**** DATA SHOWN
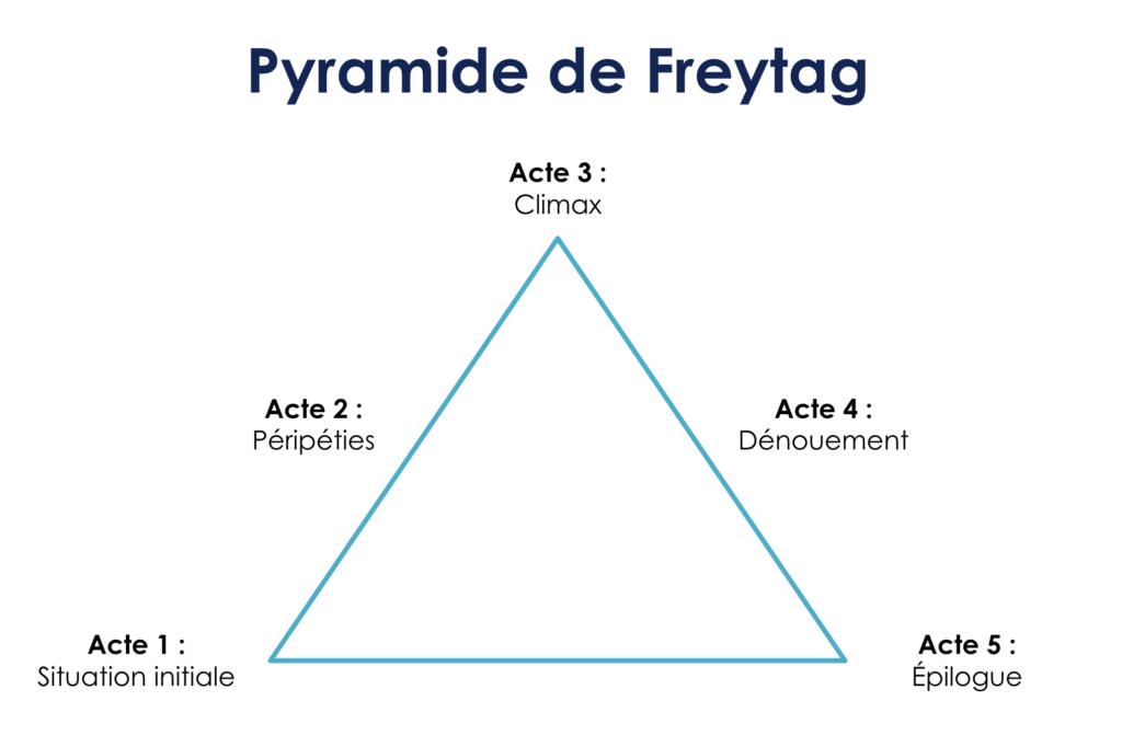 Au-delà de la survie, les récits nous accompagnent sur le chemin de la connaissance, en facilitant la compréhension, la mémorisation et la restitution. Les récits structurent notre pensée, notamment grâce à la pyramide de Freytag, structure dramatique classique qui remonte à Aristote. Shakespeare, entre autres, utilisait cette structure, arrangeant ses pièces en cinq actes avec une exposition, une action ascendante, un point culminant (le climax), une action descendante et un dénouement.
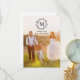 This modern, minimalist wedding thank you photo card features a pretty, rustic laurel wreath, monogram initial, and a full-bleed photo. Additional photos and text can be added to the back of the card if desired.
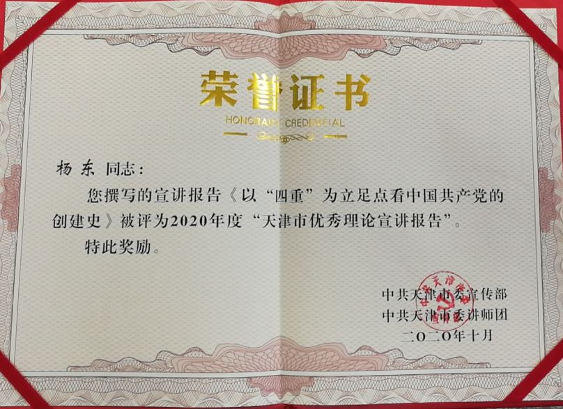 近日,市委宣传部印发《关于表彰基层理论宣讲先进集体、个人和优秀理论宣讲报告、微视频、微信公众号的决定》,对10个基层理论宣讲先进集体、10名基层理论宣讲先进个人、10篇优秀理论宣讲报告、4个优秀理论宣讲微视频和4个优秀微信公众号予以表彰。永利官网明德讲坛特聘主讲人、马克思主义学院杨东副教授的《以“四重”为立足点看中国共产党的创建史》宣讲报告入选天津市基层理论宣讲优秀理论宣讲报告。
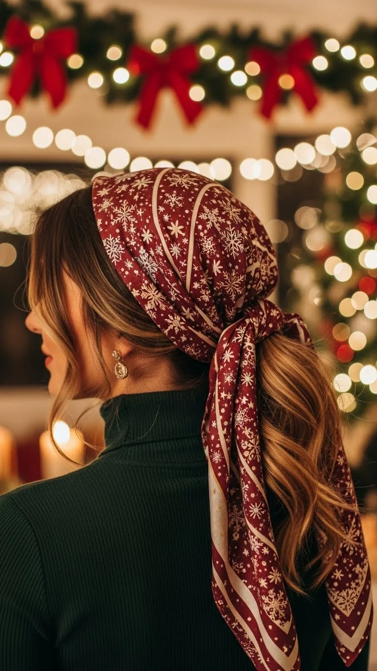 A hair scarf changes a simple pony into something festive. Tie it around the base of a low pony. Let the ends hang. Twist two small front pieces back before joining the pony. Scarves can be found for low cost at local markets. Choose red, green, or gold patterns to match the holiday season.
********
WORK ITEM. Please restate the whole listing exactly, without any of its pictures.

YOUR SOLUTION.
 Au-delà de la survie, les récits nous accompagnent sur le chemin de la connaissance, en facilitant la compréhension, la mémorisation et la restitution. Les récits structurent notre pensée, notamment grâce à la pyramide de Freytag, structure dramatique classique qui remonte à Aristote. Shakespeare, entre autres, utilisait cette structure, arrangeant ses pièces en cinq actes avec une exposition, une action ascendante, un point culminant (le climax), une action descendante et un dénouement.
 This modern, minimalist wedding thank you photo card features a pretty, rustic laurel wreath, monogram initial, and a full-bleed photo. Additional photos and text can be added to the back of the card if desired.
 近日,市委宣传部印发《关于表彰基层理论宣讲先进集体、个人和优秀理论宣讲报告、微视频、微信公众号的决定》,对10个基层理论宣讲先进集体、10名基层理论宣讲先进个人、10篇优秀理论宣讲报告、4个优秀理论宣讲微视频和4个优秀微信公众号予以表彰。永利官网明德讲坛特聘主讲人、马克思主义学院杨东副教授的《以“四重”为立足点看中国共产党的创建史》宣讲报告入选天津市基层理论宣讲优秀理论宣讲报告。
 A hair scarf changes a simple pony into something festive. Tie it around the base of a low pony. Let the ends hang. Twist two small front pieces back before joining the pony. Scarves can be found for low cost at local markets. Choose red, green, or gold patterns to match the holiday season.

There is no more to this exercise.